- Born: Germaine Rouget 1896 France
- Died: 1980 (aged 83–84) Tucson, Arizona
- Known for: Art Watercolor Printmaker fabric arts Costume Design

= Germaine Cheruy =

Madame Germaine Rouget Cheruy (1896–1980) was a French costume designer, artist and intellectual who moved to the United States in 1924. She launched and taught art programs in private schools in Connecticut including the Loomis Chaffee School in Windsor, Connecticut. In 1939 she moved to Tucson, Arizona, and in the early 1940s purchased a home with her husband Rene Cheury in the artist colony of old Fort Lowell. She lived happily with her husband in Arizona. She was recognized and best known for wash drawing, etching, woodblocks, painting, costume design, weaving, fiber arts and arts education.

==Life==
Cheury was born on January 11, 1896, in Constantine, Algeria,(1)<Arizona Naturalization Records, 1909-1991)> the daughter of a French General. A talented female artist, she was the youngest person to be elected to the French Salon, the Société Nationale des Beaux-Arts. Cheury learned Japanese paintings and prints, designed costumes of the Paris Opera and executed an extensive series of wash drawings of the Chartres Cathedral.

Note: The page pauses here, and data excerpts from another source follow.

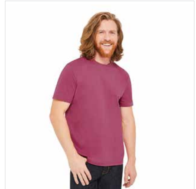
George Men's Basic T-Shirt

A classic tee like this men's crew neck never goes out of style! This season's hottest colours are a great addition to your casual wardrobe.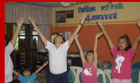
Above: Praise warm-ups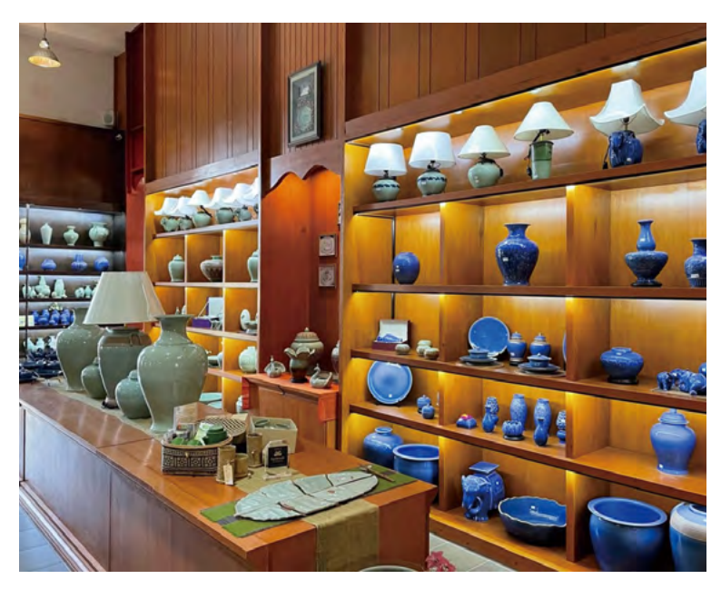
Siam Celadon Factory

The typical item is the round plate or vase with floral in a pleasing twisting pattern design. The skill of the artist is prominently displayed with cuts of varying depths and sizes to bring out a three-dimensional effect. This is a former character of celadon since it used to be an exclusive household ware of the Chinese emperors, while general people were not allowed to use. These days, anyone can own a piece of celadon, and they can buy items like full dining sets and literally hundreds of other creations. But one must be aware that there are also a lot of poor imitation products.

Cheury served as head of costume design for the Théâtre du Vieux-Colombier in Paris under famed early experimental director Jacques Copeau. She taught drawing and painting and took weekly classes with various artists including Raoul Dufy who during this period worked as the head of fabric design for Bainchini.

In 1924 Germaine married René Cheruy and moved to America. Rene who had worked for French sculptor Auguste Rodin had taken an appointment as head of the French department at the Loomis Chaffee School in Windsor, Connecticut, in 1919. When Germaine discovered there were no art classes she started classes at Loomis and later at the all girls Kingswood Oxford School in Hartford Connecticut. Students included the ground breaking west coast painter David Park. While at Loomis the Cheruy's lived in the old Phelps House. During this period her work was exhibited in galleries in New York City and Boston and Yale University and at the Fogg Museum at Harvard University in Cambridge, Massachusetts. In 1936 she showed watercolors and drawings at the Stavola Galleries in Hartford, Connecticut.

==Tucson==
In 1939 “carrying two suitcases” Cheruy arrived in Tucson, Arizona, to spend the winter for her health. She rented a small house near Country Club and Speedway and described Tucson as a “wilderness” where “everybody was friendly, you never shut your door. In the good old time during the summer you would find two people on Congress Street. You could go to the movies for hours for 16 cents or the market with a dollar for the whole week's shopping.”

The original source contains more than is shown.